You can use Reduce to get new assumptions —— or you can just bite the bullet and think :) —— I did the former:

Reduce[r > 0 && r^2 == 1 + s^2 - v^2 && 
  0 < v < 1 && -v < s < v, {v}, Reals]

(*  0 < r < 1 && -r < s < r && v == Sqrt[1 - r^2 + s^2]  *)

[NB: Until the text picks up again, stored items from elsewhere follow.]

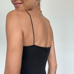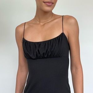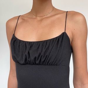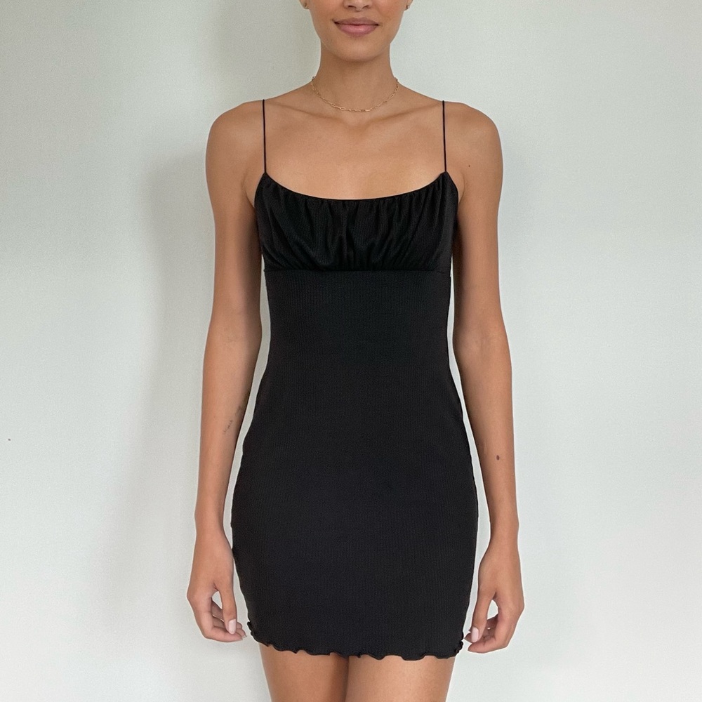 Urban Outfitters summer-ready mini dress cut from a soft ribbed fabrication with a scoop neckline, spaghetti straps to shoulder, gathered bust, slim fit and cute mini length lettuce hem. 80% polyester, 14% crayon, 6% spandex.
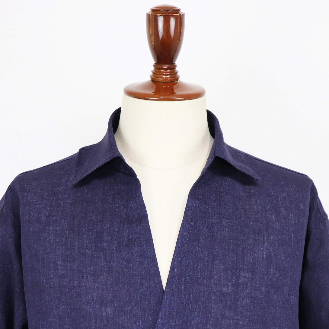 ブランドのコンセプトでもある「LUXURY RESORT」をまさしく表現したリゾート感溢れるプルオーバータイプのリネンシャツです。広い前開きのゆったりとしたバランスのボディはリラックスした着心地とサイジングを実現しています。
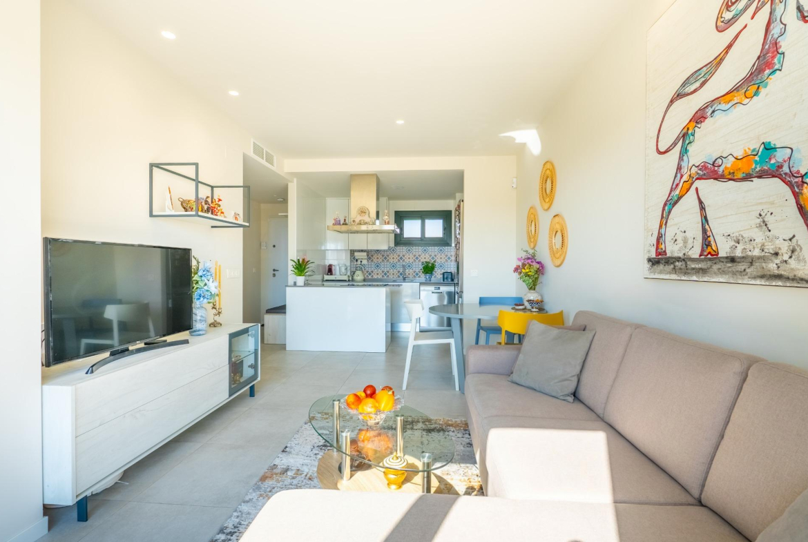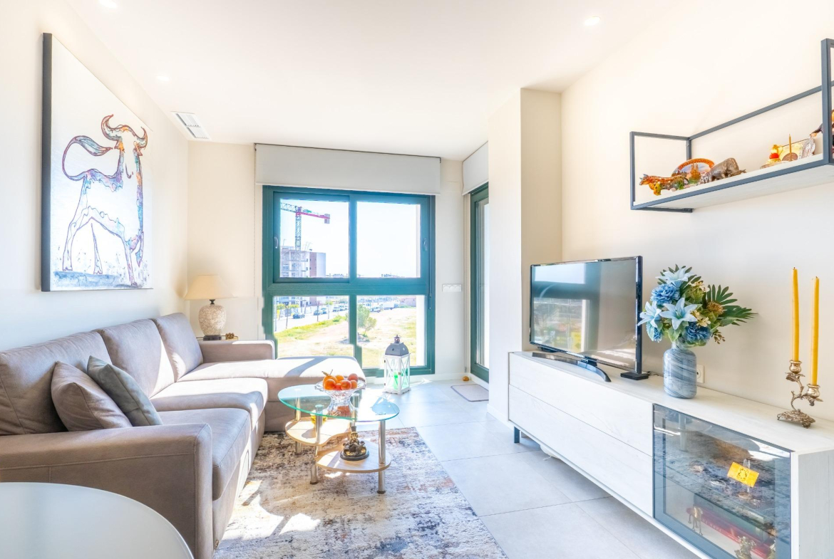 We present to you this modern apartment located in a gated residential complex with green areas and a swimming pool. This is a new-build resale property, in excellent condition and ready to move into.~~It is situated just 700 meters from one of the best beaches in Mil Palmeras, in the prestigious area of Orihuela Costa. This highly sought-after location is ideal for enjoying the Mediterranean climate, peace and quiet, and an active, healthy lifestyle.~~The apartment features a comfortable and functional layout, bright and inviting. A spacious south-facing terrace with large panoramic windows and views of the park and the sea makes it an excellent place to relax and enjoy the sunny weather. The modern living room is connected to the dining area and an open-plan renovated kitchen, fully equipped with furniture and appliances.~~The property includes 2 bedrooms with built-in wardrobes, 2 fully equipped bathrooms, and a private storage room—perfect for keeping the home organized. A private parking space is also included in the price.~~Excellent location, close to the sea, leisure options, and all essential services. Just 700 meters from the beach, with supermarkets, restaurants, and amenities nearby, and only a 10-minute drive to the Zenia Boulevard.~~Located in a quiet and safe area, it is perfect for comfortable living. With over 300 sunny days a year and a mild climate, you can enjoy outdoor living, seaside walks, water sports, golf, and social activities.~~An ideal option for those seeking a peaceful and exclusive seaside lifestyle. Your new home in Mil Palmeras awaits: comfort, sunshine, and tranquility just steps from the beach.~~The property price does not include notary fees, registration costs, or taxes, which may vary according to current legislation in the Valencian Community.
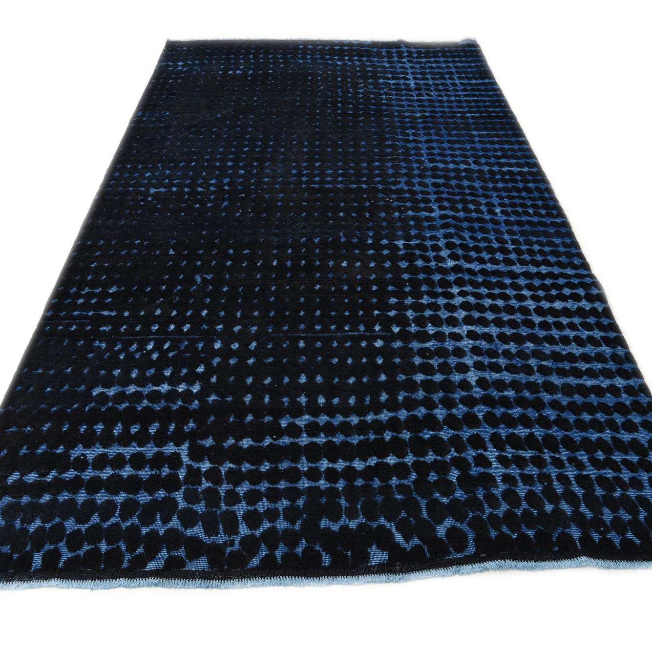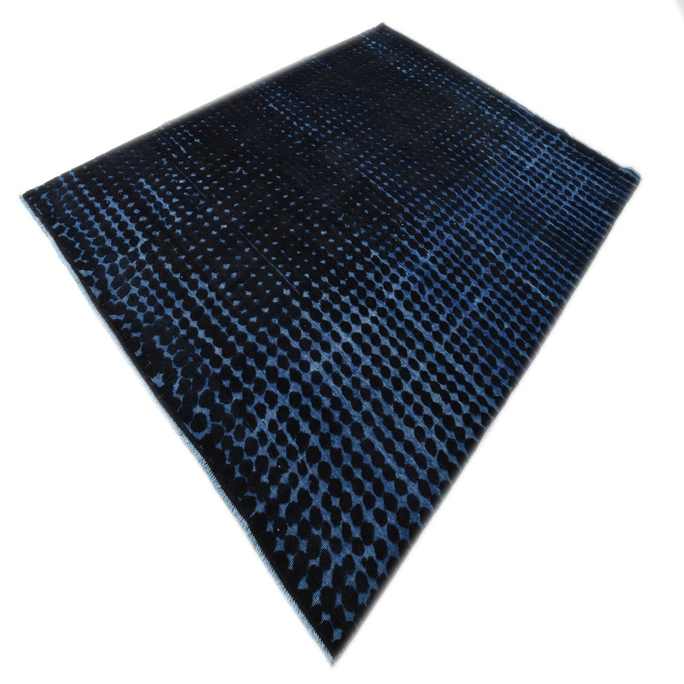 8x10 rectangular Darya rug with a modern abstract pattern in black and blue, featuring a textured pile.

The first two conditions are used in Simplify:

new = 2*s^2*(-1 + v^2) + 
    2*s*(-Sqrt[1 - v^2 + 2*s*(s - Sqrt[1 + s^2 - v^2])] + 
       Sqrt[1 - v^2 + 2*s*(s + Sqrt[1 + s^2 - v^2])]) - (1 + 
       v^2)*(-2 + 2*v^2 + 
       Sqrt[(-1 - s^2 + v^2)*(-1 + v^2 + 
           2*s*(-s + Sqrt[1 + s^2 - v^2]))] + 
       Sqrt[(1 + s^2 - v^2)*(1 - v^2 + 
           2*s*(s + Sqrt[1 + s^2 - v^2]))]) /. 
   v^2 -> 1 + s^2 - r^2;
Simplify[new, 0 < r < 1 && -r < s < r]

(*  0  *)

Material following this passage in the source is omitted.